Мы читаем Алексею Денисовичу всё, что наработали дома. Никаких указаний в выборе репертуара мы не получали. Поначалу студиец должен был руководствоваться только своим личным вкусом: так яснее и быстрее, определеннее формируется индивидуальность. Важно только, чтобы уже в самых первых твоих работах было видно, что его отличает от всех других, угадываешь о неповторимые особенности и для них, этих особенностей, находишь наиболее подходящую, единственно возможную форму выражения. Важно только, умеешь ли ты или еще пытаешься уметь донести мысль автора до слушателя, и очень важно, чтобы всему этому сопутствовало твое (ведь ты же художник!) отношение к мысли автора, выраженной тобой.
Читаем, читаем, читаем, сменяя один другого. Уже поздно – пора расходиться. И вдруг робкий голос: «Алексей Денисович, сделайте нам приятное, пожалуйста, почитайте нам немножко!»
– Что вы, что вы! Я сам давно уже не читаю.
И мы видим, что Дикий покраснел, глаза его зазеленели. Он даже слегка растерялся. Но тридцать молодых здоровых человек уже зажглись блестящей идеей: аплодисменты, крик, и, наконец, улыбающийся Дикий сдается.

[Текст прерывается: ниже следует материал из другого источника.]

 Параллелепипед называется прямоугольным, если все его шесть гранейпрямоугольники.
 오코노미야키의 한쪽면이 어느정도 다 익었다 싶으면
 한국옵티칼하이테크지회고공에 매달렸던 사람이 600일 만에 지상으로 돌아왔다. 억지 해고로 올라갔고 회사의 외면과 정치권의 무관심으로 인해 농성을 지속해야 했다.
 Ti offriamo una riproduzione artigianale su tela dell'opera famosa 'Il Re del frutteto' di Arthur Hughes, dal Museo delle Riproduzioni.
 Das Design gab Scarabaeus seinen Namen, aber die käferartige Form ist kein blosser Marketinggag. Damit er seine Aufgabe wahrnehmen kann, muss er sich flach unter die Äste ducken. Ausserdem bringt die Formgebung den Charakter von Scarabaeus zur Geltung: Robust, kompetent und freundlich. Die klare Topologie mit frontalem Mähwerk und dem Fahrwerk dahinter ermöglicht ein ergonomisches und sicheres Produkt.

Он выходит на середину зала своей неожиданной ухватистой походкой, очень приятной и, я бы сказал, высокопрофессиональной. В руках у него стул. Большой, тяжелый стул – пуда на полтора. С размаху Дикий ставит его на пол. Но мы не слышим грохота, стул опустился мягко, точно, как если бы он был на резиновом ходу и встал бы на толстенный персидский ковер. Более того, стул стал математически ровно, его уже не нужно двигать, перестанавливать, так безукоризненно поставить стул может только опытнейший начальник постановочной части.

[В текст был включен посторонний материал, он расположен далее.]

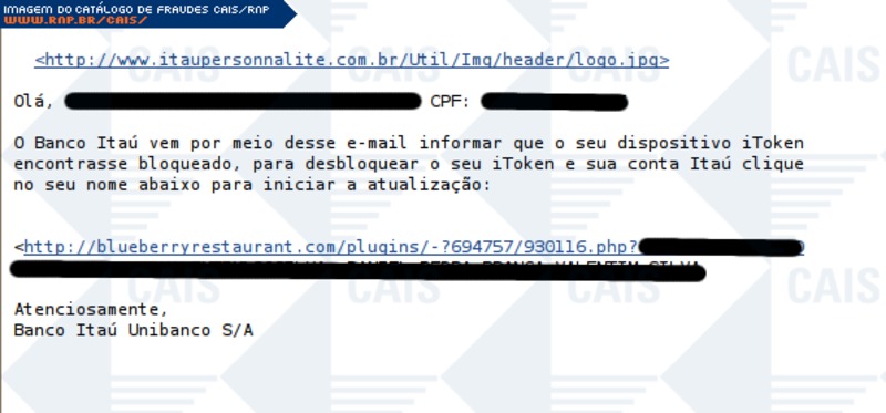 ############################################################################### # !!! ATENCAO !!! ATENCAO !!! ATENCAO !!! ATENCAO !!! ATENCAO !!! ATENCAO !!! # # # # O TEXTO ABAIXO FOI TRANSCRITO A PARTIR DE UMA FRAUDE CADASTRADA EM NOSSOS # # SISTEMAS ATRAVES DA COLETA DE DADOS NA INTERNET E/OU CONTRIBUICAO DE # # PARCEIROS E/OU USUARIOS. # # # # EM CASO DE DUVIDAS ENTRE EM CONTATO ATRAVES DO EMAIL: cais@cais.rnp.br # # # # OBRIGADO. # # # # CENTRO DE ATENDIMENTO A INCIDENTES DE SEGURANCA (CAIS) # # REDE NACIONAL DE ENSINO E PESQUISA (RNP) # ############################################################################### <http://www.itaupersonnalite.com.br/Util/Img/header/logo.jpg> Olá, CPF: O Banco Itaú vem por meio desse e-mail informar que o seu dispositivo iToken encontrasse bloqueado, para desbloquear o seu iToken e sua conta Itaú clique no seu nome abaixo para iniciar a atualização: <http://blueberryrestaurant.com/plugins/-?694757/930116.php? Atenciosamente, Banco Itaú Unibanco S/A
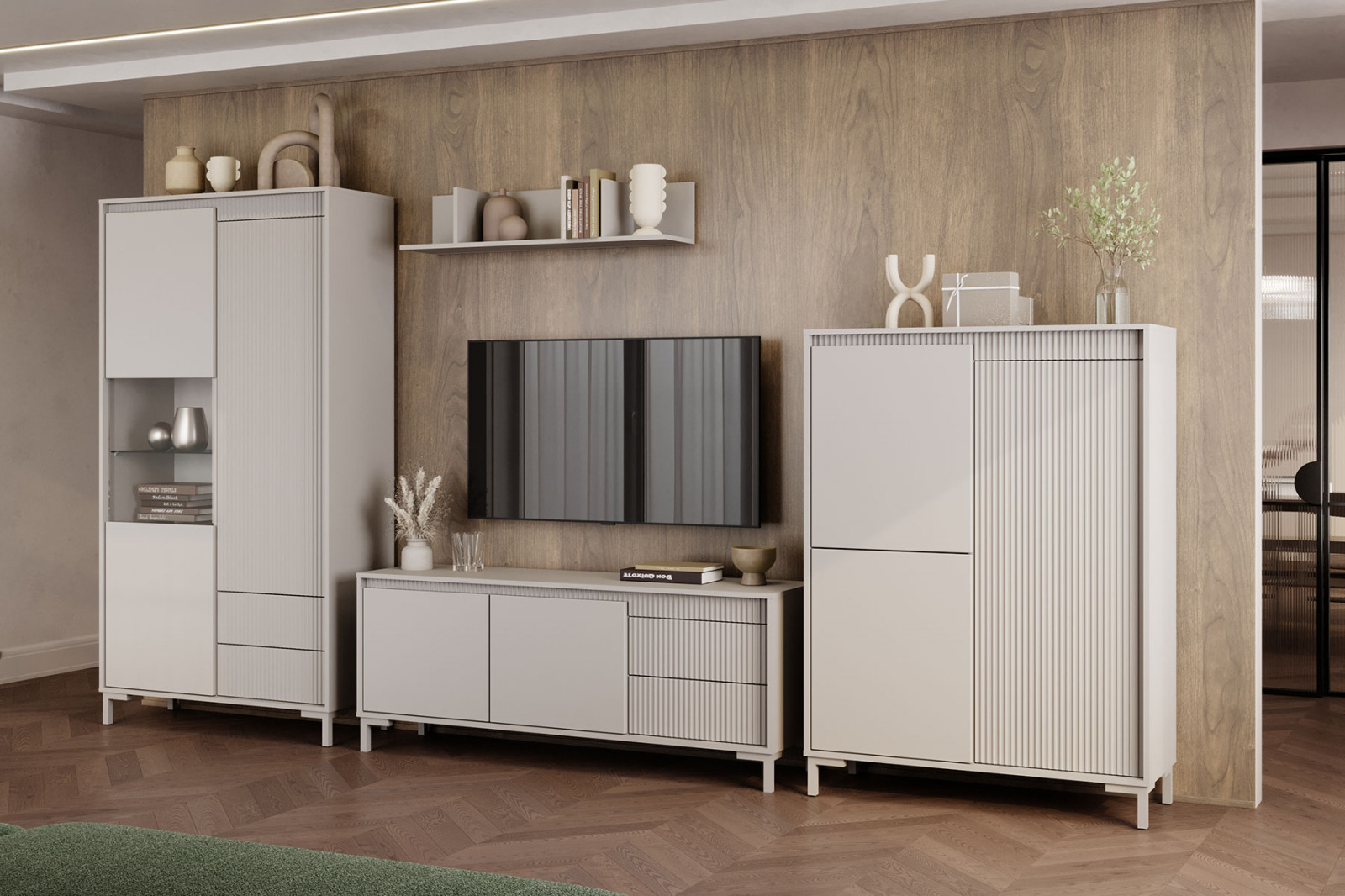 Гостиная СтолЛайн Свейн, Комплектация 2 — это современное решение для стильного и функционального оформления гостиной. Комплект выполнен в светлых тонах с лаконичными фасадами, вертикальным рифлением и строгими линиями, которые придают интерьеру свежесть и легкость. Модули на высоких ножках визуально делают композицию более воздушной и современной, а продуманная система хранения помогает поддерживать порядок.

– Горбунов. «На почтовой станции».
Дикий сказал это, и вы понимаете, что если бы все это происходило в огромном концертном зале, то услышали бы в двенадцатом ряду галерки.
– Ночью… – добавляет он.
И я удивляюсь, что голосом можно нарисовать скобки: «(Ночью)». Да, это в скобках.
Дикий садится на стул. Неожиданно голова его запрокидывается назад, и вдруг все вокруг нас наполняется храпом! Ну и храп! Даже свет как-то померк от этого храпа. Так спят не менее десяти человек. Вот где-то внизу, на самых октавных нотах, идет чей-то нутряной храп-рык – он как бы загрунтовывает картину, как бы служит общим фоном для храповой росписи. Вот бурными волнами идет где-то неподалеку храп, похожий на рев нервного медведя, и за ним возник, несется высокий, тенористый, слюнявый храпик, сопровождаемый забавным старческим плямканьем. Зубовный скрежет, подвывание, стоны, присвист. Что это за звук? Нет, это так, это показалось. И вдруг в эту трехминутную симфонию врывается чей-то свежий, молодой, испуганно-веселый голос: «Эй, ямщик, тарантас подъехал!» Храп обрывается. Слышится позевывание, открещивание, бормотня. Кто-то кого-то пинает, кто-то обувает не свою ногу. Ох, и неохота вставать, когда в голове зеленая одурь от водки и махры, от ругани, от блох, от скачки, от встречных пронзительных ветров и от всей этой распротреклятой ямщицкой жизни. «Чья череда-то?» – «Микиткина!» – «Микитка, дьявол, вставай» – «Га?!!»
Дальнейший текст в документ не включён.